Restate word for word the opening line of the data below and every line after it until the line with "Espaguete com Abobrinha e Alho Crocante", that line too, but not the pictures.

______________________________

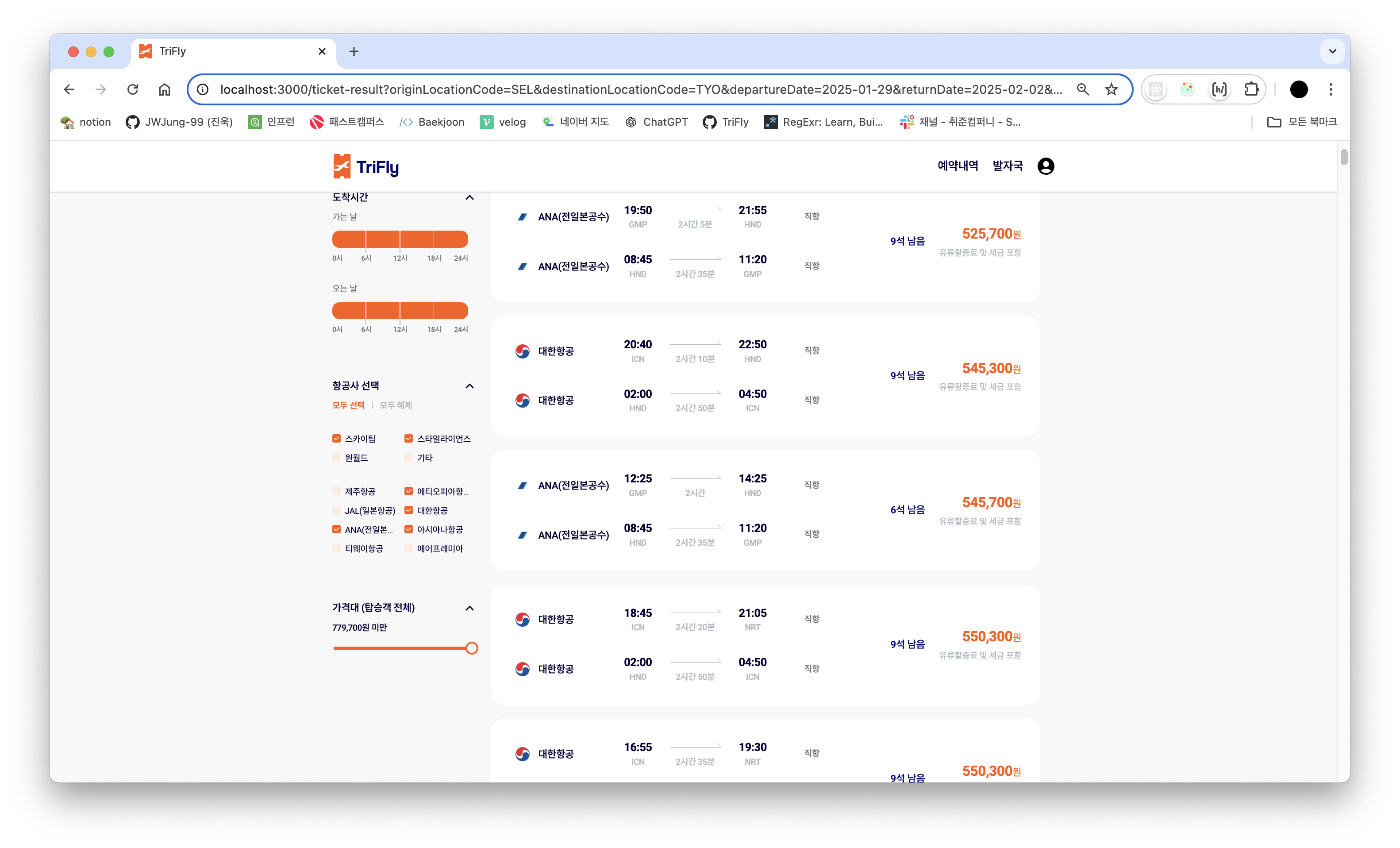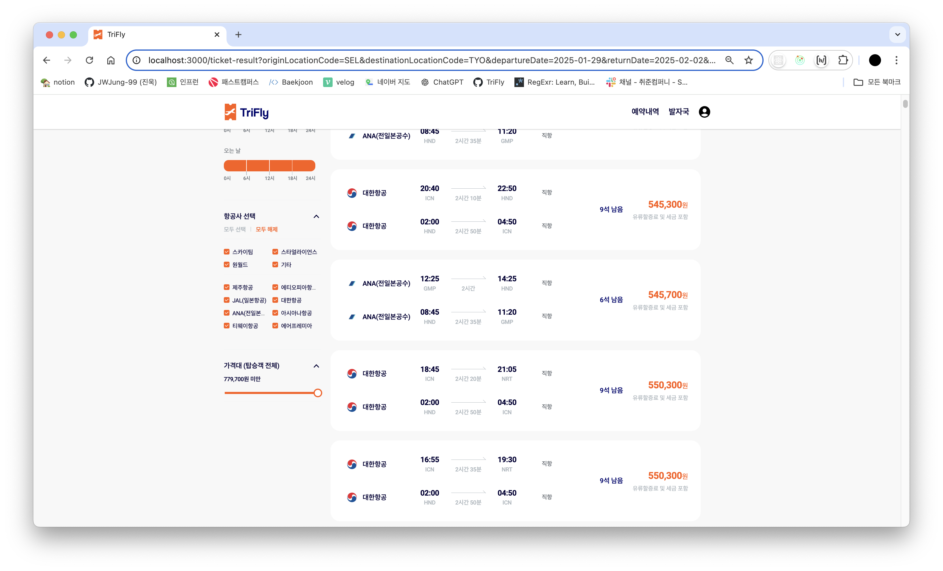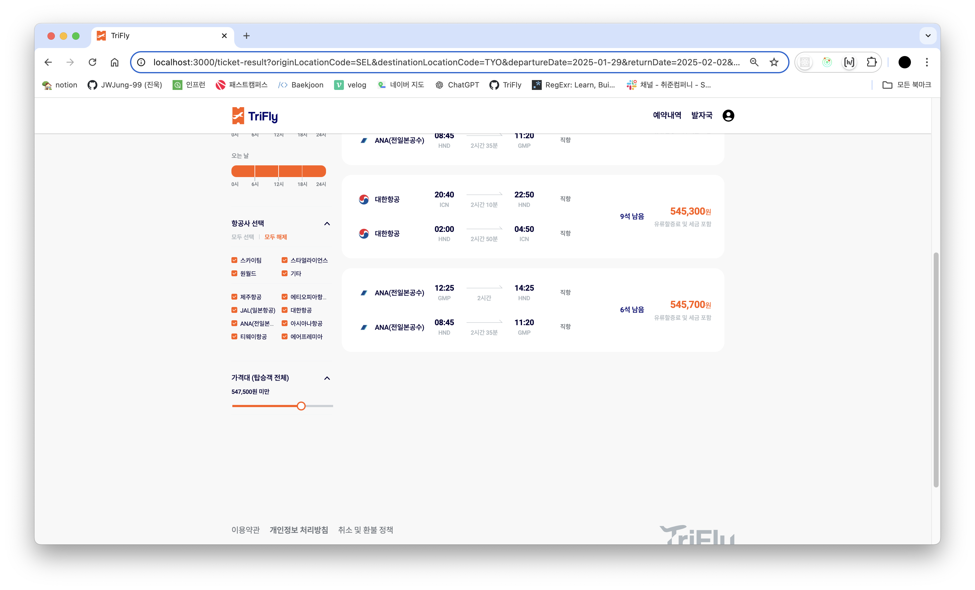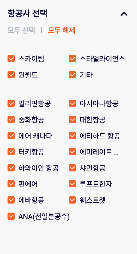 항공사 필터 부분이 구현에서 가장 어려웠던 요소인 것 같다. 모두선택/모두해제 버튼을 구현하였고 각 동맹체를 체크하면 그에 해당하는 항공사들이 선택 또는 취소되도록 하였다. 물론 항공사 하나하나 선택도 가능하다.
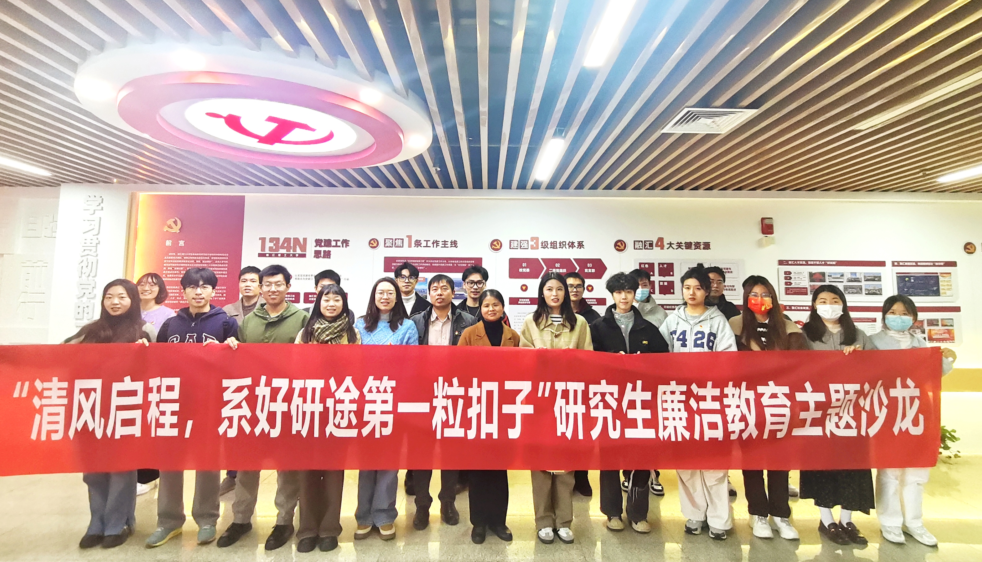 为学习贯彻落实习近平总书记关于新时代廉洁文化建设重要论述,进一步弘扬学廉倡廉践廉的校园文化氛围,教育引导广大研究生在科研阶段增强廉洁诚信意识,筑牢拒腐防变思想防线,12月8日下午,研究生院(研工部)党支部在党群服务中心开展“清风启程,系好研途第一粒扣子”研究生廉洁教育主题沙龙。党委研究生工作部部长冯飞芸出席沙龙,研究生院(研工部)党支部教师代表、各学院研究生代表参加了座谈和交流。
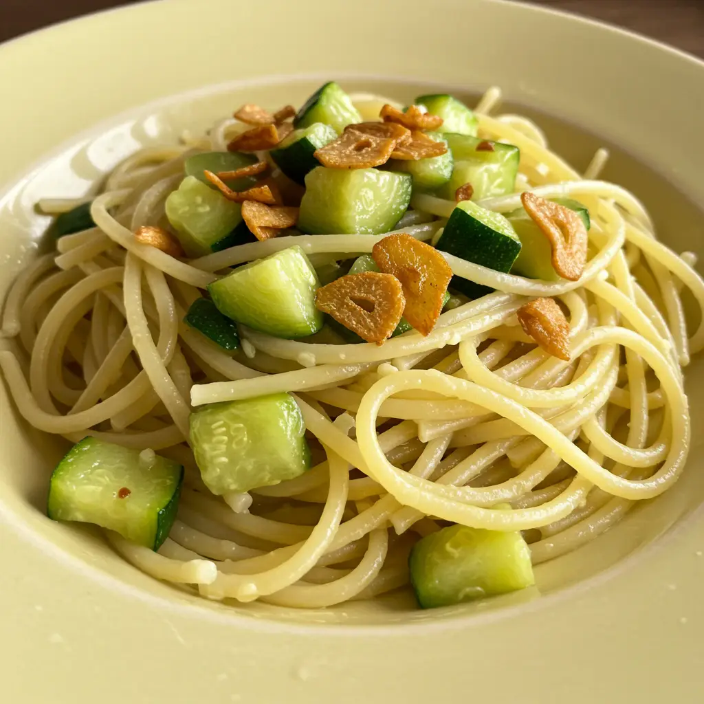 Espaguete com Abobrinha e Alho Crocante
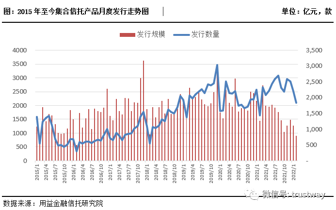 据公开资料不完全统计,截至2022年3月4日,2月共计发行集合信托产品1831款,环比减少16.77%,发行规模900.13亿元,环比减少28.91%;与去年同期相比,集合信托产品发行规模下滑了37.76%。
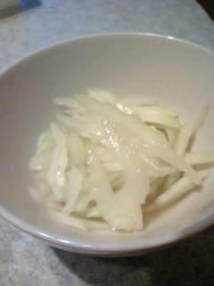チーズ以外の具を炒める。(顆粒コンソメ小さじ1で味付け)
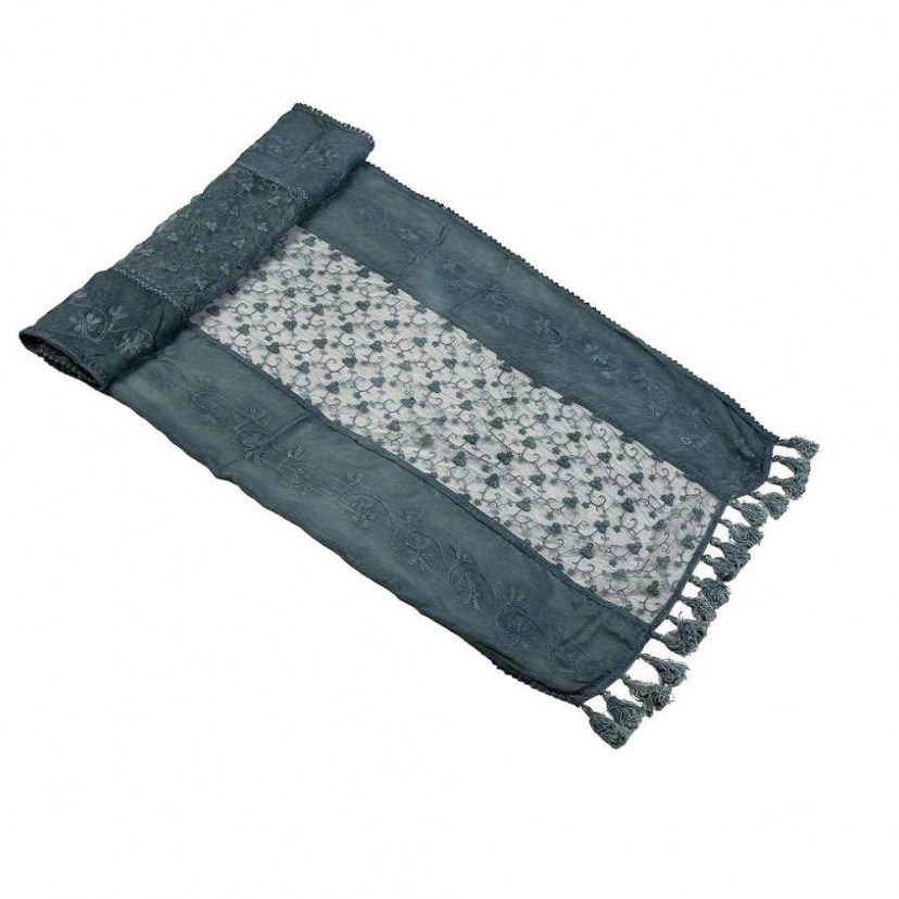 The ARF226 Traversa is monochrome and features intricate lace in the center and edges. It is decorated with cute pom poms that provide movement and unparalleled style. It is made of high-quality cotton threads, making it durable and soft. It can be washed at 30°C. Ironing, dry cleaning, and tumble drying are prohibited.
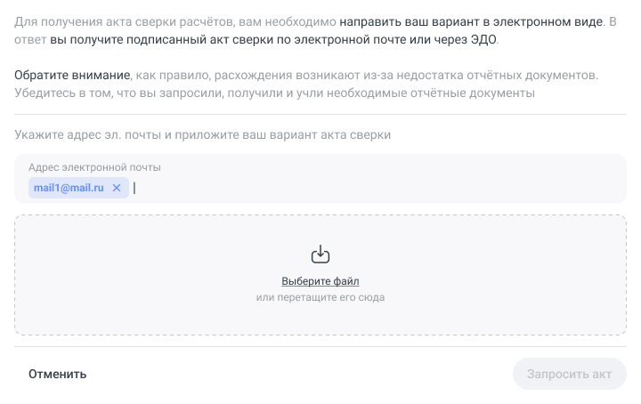 В открывшейся форме укажите один или несколько адресов электронной почты, а также загрузите ваш вариант акта. Перед оформлением запроса убедитесь, что вы получили все необходимые отчётные документы по оплаченным счетам и заказам.
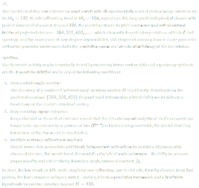 Additionally, the law does not incorporate corrections from isospin asymmetry, proton–neutron coupling shifts, or the density-dependent evolution of the mean-field potential, all of which become increasingly relevant at extreme nucleon numbers. Therefore, while the Fractal-Doubling Law captures the macro-pattern of shell evolution with striking precision, it should be interpreted as a scaling law rather than a fundamental equation of nuclear dynamics—useful for predicting and organizing trends, but not sufficient for explaining fine-grained spectroscopic or deformation-sensitive details.
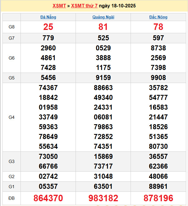 Chốt số lô dự đoán Đà Nẵng 18-10-2025
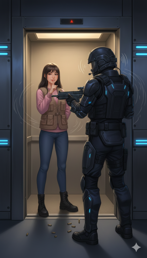 Un guardia de seguridad de élite, armado con un rifle de asalto y protegido con armadura táctica completa, estaba plantado justo frente al ascensor. No era un robot; era un hombre entrenado para situaciones de máxima alerta. El cañón del arma apuntaba directamente al pecho de Liliana.
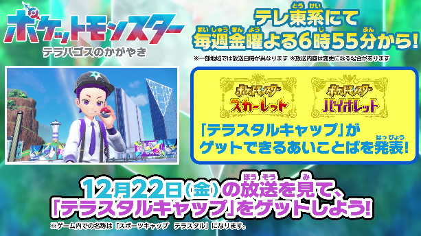 2023年12月22日(金)放送のアニメ「ポケットモンスター」内にて特別なアイテム「テラスタルキャップ」が配布されます。

______________________________

EXERCISE RESPONSE:
 항공사 필터 부분이 구현에서 가장 어려웠던 요소인 것 같다. 모두선택/모두해제 버튼을 구현하였고 각 동맹체를 체크하면 그에 해당하는 항공사들이 선택 또는 취소되도록 하였다. 물론 항공사 하나하나 선택도 가능하다.
 为学习贯彻落实习近平总书记关于新时代廉洁文化建设重要论述,进一步弘扬学廉倡廉践廉的校园文化氛围,教育引导广大研究生在科研阶段增强廉洁诚信意识,筑牢拒腐防变思想防线,12月8日下午,研究生院(研工部)党支部在党群服务中心开展“清风启程,系好研途第一粒扣子”研究生廉洁教育主题沙龙。党委研究生工作部部长冯飞芸出席沙龙,研究生院(研工部)党支部教师代表、各学院研究生代表参加了座谈和交流。
 Espaguete com Abobrinha e Alho Crocante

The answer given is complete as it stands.